TransFusion: Cross-view Fusion with Transformer for 3D Human Pose Estimation

Estimating the 2D human poses in each view is typically the first step in calibrated multi-view 3D pose estimation. But the performance of 2D pose detectors suffers from challenging situations such as occlusions and oblique viewing angles. To address these challenges, previous works derive point-to-point correspondences between different views from epipolar geometry and utilize the correspondences to merge prediction heatmaps or feature representations. Instead of post-prediction merge/calibration, here we introduce a transformer framework for multi-view 3D pose estimation, aiming at directly improving individual 2D predictors by integrating information from different views. Inspired by previous multi-modal transformers, we design a unified transformer architecture, named TransFusion, to fuse cues from both current views and neighboring views. Moreover, we propose the concept of epipolar field to encode 3D positional information into the transformer model. The 3D position encoding guided by the epipolar field provides an efficient way of encoding correspondences between pixels of different views. Experiments on Human 3.6M and Ski-Pose show that our method is more efficient and has consistent improvements compared to other fusion methods. Specifically, we achieve 25.8 mm MPJPE on Human 3.6M with only 5M parameters on 256 x 256 resolution.

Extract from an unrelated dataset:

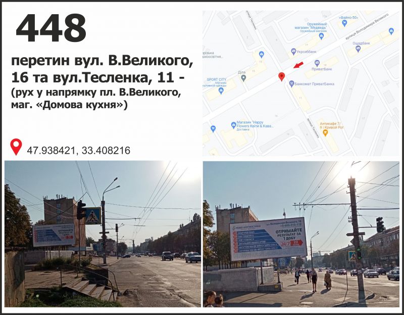 Білборд/Щит вул. Володимира Великого (Мелешкіна), 20 - вул. Тесленко, 11 (маг. "Домова кухня"), рух у напрямку пл. Артема, Кривий Ріг

翻译：估计每个视图中的 2D 人姿势通常都是校准多视图 3D 3D 显示估计的第一步。但2D 显示探测器的性能存在挑战性的情况,例如隐蔽和倾斜的观察角度。为了应对这些挑战,以往的工程在上极地几何不同观点之间产生点对点对应,并利用对应法将3D 位置信息编码到变异模型中。这里我们引入了多视图 3D 显示估计的变异框架,目的是通过整合不同观点的信息,直接改进个人 2D 预测器。在以往多模式变异器的启发下,我们设计了一个统一的变异器结构,名为 TransFusion,以结合当前观点和相邻观点的导线。此外,我们提出了将3D 定位信息编码到变异器模型中的上。由子字段指导的 3D 位置编码为多种观点之间的编码提供了有效的方法。人类3. 3M 和 Ski-Pose 3D 预测器的实验由以前的多式变异的变码组成。在25M M 中,我们的方法上只有更高效和一致的方法。